イランの公式な新年は、古代イランの伝統であり、毎年春分に祝われるノウルーズ(「ペルシアの新年」と形容される)から始まる。2009年にユネスコの人類の口承及び無形遺産の傑作リストに登録された。前年の最後の水曜日の前夜、ノウルーズの前触れとして、古代の祭りであるチャハールシャンベ・スーリーがアータル(「火」)を祝い、焚き火を飛び越えたり花火を灯したりする儀式を行う。
もう一つの古代の伝統であるヤルダーは、古代の女神ミスラを記念し、冬至(通常は12月20日または21日)の前夜に一年で最も長い夜を祝い、家族が集まって詩を朗読し果物を食べる。マーザンダラーン州およびマルキャズィー州の一部の地域では、夏至の祭りであるティールガーンがあり、ティール13日(7月2日または3日)に水の祭りとして祝われる。
ラマダーン、イド・アル=フィトル、アーシューラーなどのイスラムの年中行事は国民によって祝われる。クリスマス、四旬節、イースターなどのキリスト教の伝統はキリスト教徒コミュニティによって、ハヌカーやペサハなどのユダヤ教の伝統はユダヤ教徒コミュニティによって、そしてサデやメヘラーガーンなどのゾロアスター教の伝統はゾロアスター教徒によって祝われる。
イランには26日の祝日があり、世界で最も祝日の多い国の一つである。有給休暇日数では世界第1位の52日である。イランの公式暦は太陽ヒジュラ暦であり、北半球の春分から始まる。太陽ヒジュラ暦の12の各月は星座に対応しており、各年の長さは太陽年である。あるいは、イスラム暦はイスラムの行事を示すために使用され、グレゴリオ暦は国際的な行事を示す。

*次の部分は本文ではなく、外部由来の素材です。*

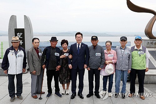 이 대통령은 이날 오전 인천 강화군 강화평화전망대에서 '실향민과의 대화' 행사를 가졌다.
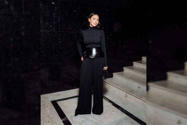 Гостьей показа стала певица Алсу. 40-летняя артистка выбрала для вечера облегающий комбинезон, кожаный пояс-юбку и туфли с острым мысом. Она распустила волосы и сделала нюдовый вечерний макияж.
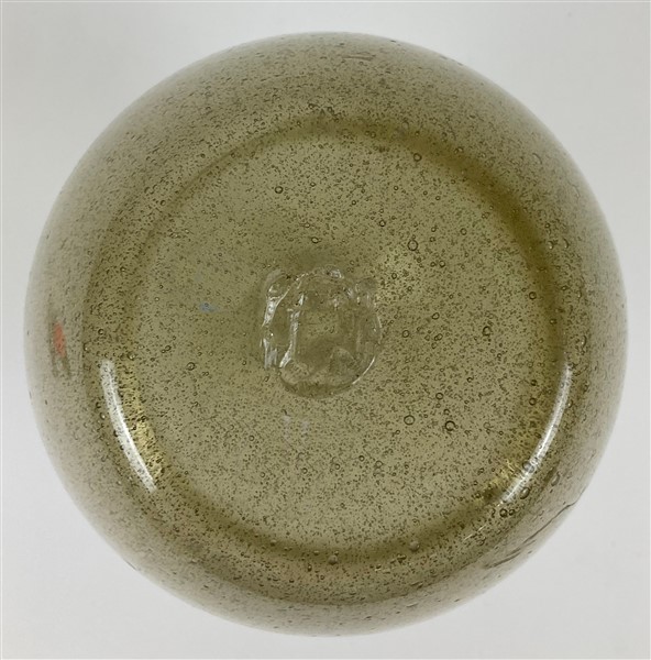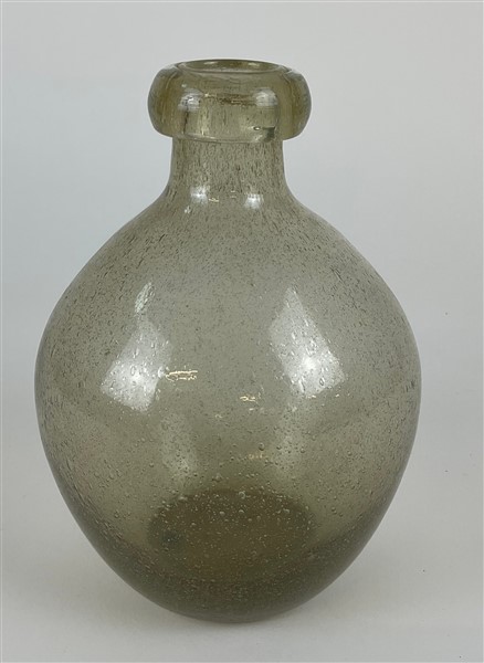 Vasetto bulbiforme in vetro soffiato ambra trasparente con inclusioni di bollicine (h cm 18,5). Seconda metà secolo XX.

太陽暦に基づく法定祝日には、ノウルーズ(ファルヴァルディーン月1日~4日、3月21日~24日)およびスィーズダ・ベ・ダル(ファルヴァルディーン月13日、4月2日)の文化的祝祭、イスラム共和国の日(ファルヴァルディーン月12日、4月1日)、ルーホッラー・ホメイニー師死去の日(ホルダード月14日、6月4日)、ホルダード月15日事件(ホルダード月15日、6月5日)、イラン革命記念日(バフマン月22日、2月10日)、石油国有化記念日(エスファンド月29日、3月19日)の政治的行事がある。

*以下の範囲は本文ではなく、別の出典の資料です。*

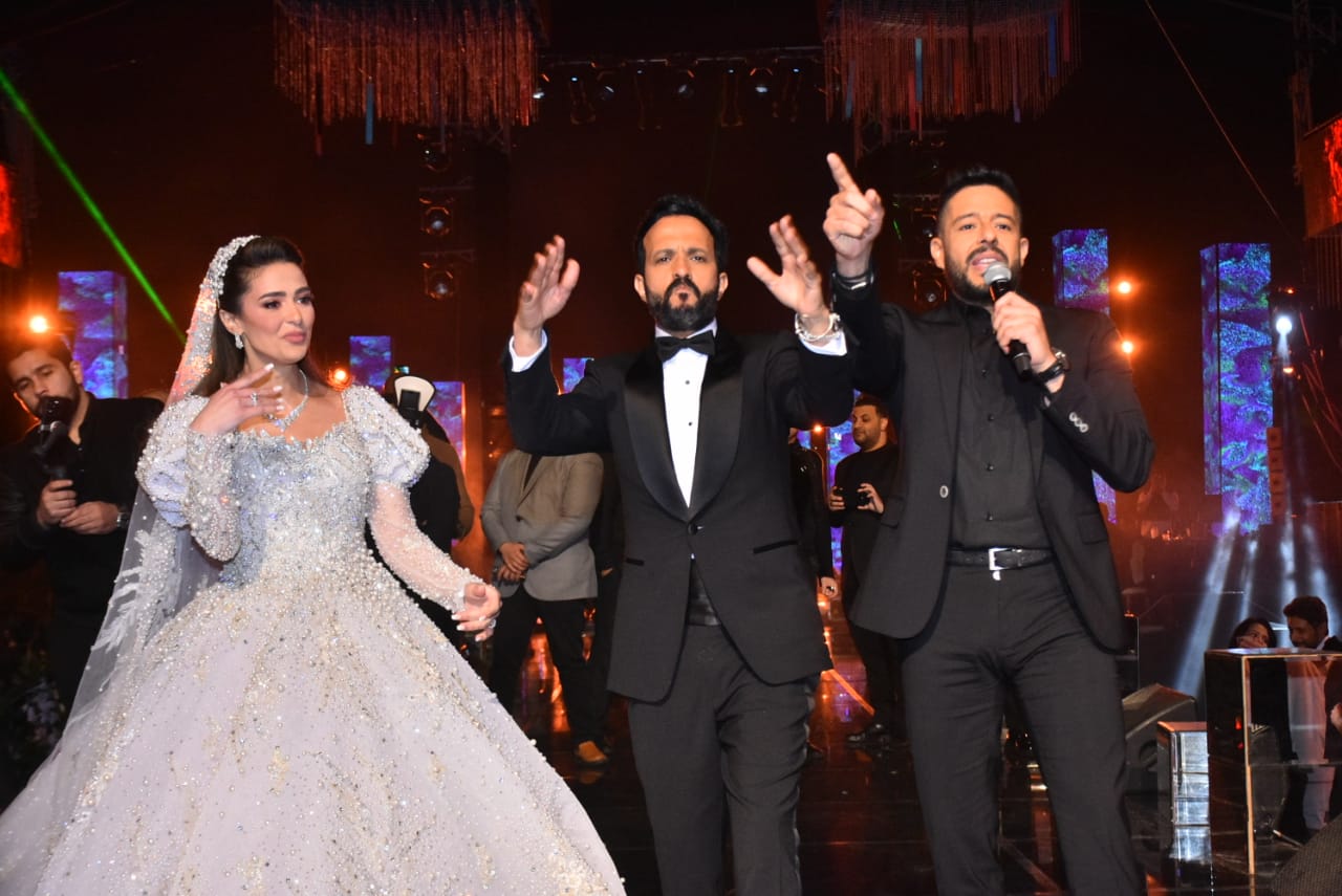 حماقي وماجد المصري يشاركان محمد منير غناء الليلة يا سمرة في زفاف أحمد عصام

イスラム太陰暦に基づく祝日には、タースーアー(ムハッラム月9日)、アーシューラー(ムハッラム月10日)、アルバイン(サファル月20日)、ムハンマド死去の日(サファル月28日)、アリー・リダー死去の日(サファル月29日または30日)、ムハンマド生誕の日(ラビー・アル=アウワル月17日)、ファーティマ死去の日(ジュマーダー・アッ=サーニー月3日)、アリー生誕の日(ラジャブ月13日)、ムハンマド最初の啓示の日(ラジャブ月27日)、ムハンマド・アル=マフディー生誕の日(シャアバーン月15日)、アリー死去の日(ラマダーン月21日)、イード・アル=フィトル(シャウワール月1日~2日)、ジャアファル・サーディク死去の日(シャウワール月25日)、イード・アル=アドハー(ズー・アル=ヒッジャ月10日)、ガディール・フンムの日(ズー・アル=ヒッジャ月18日)がある。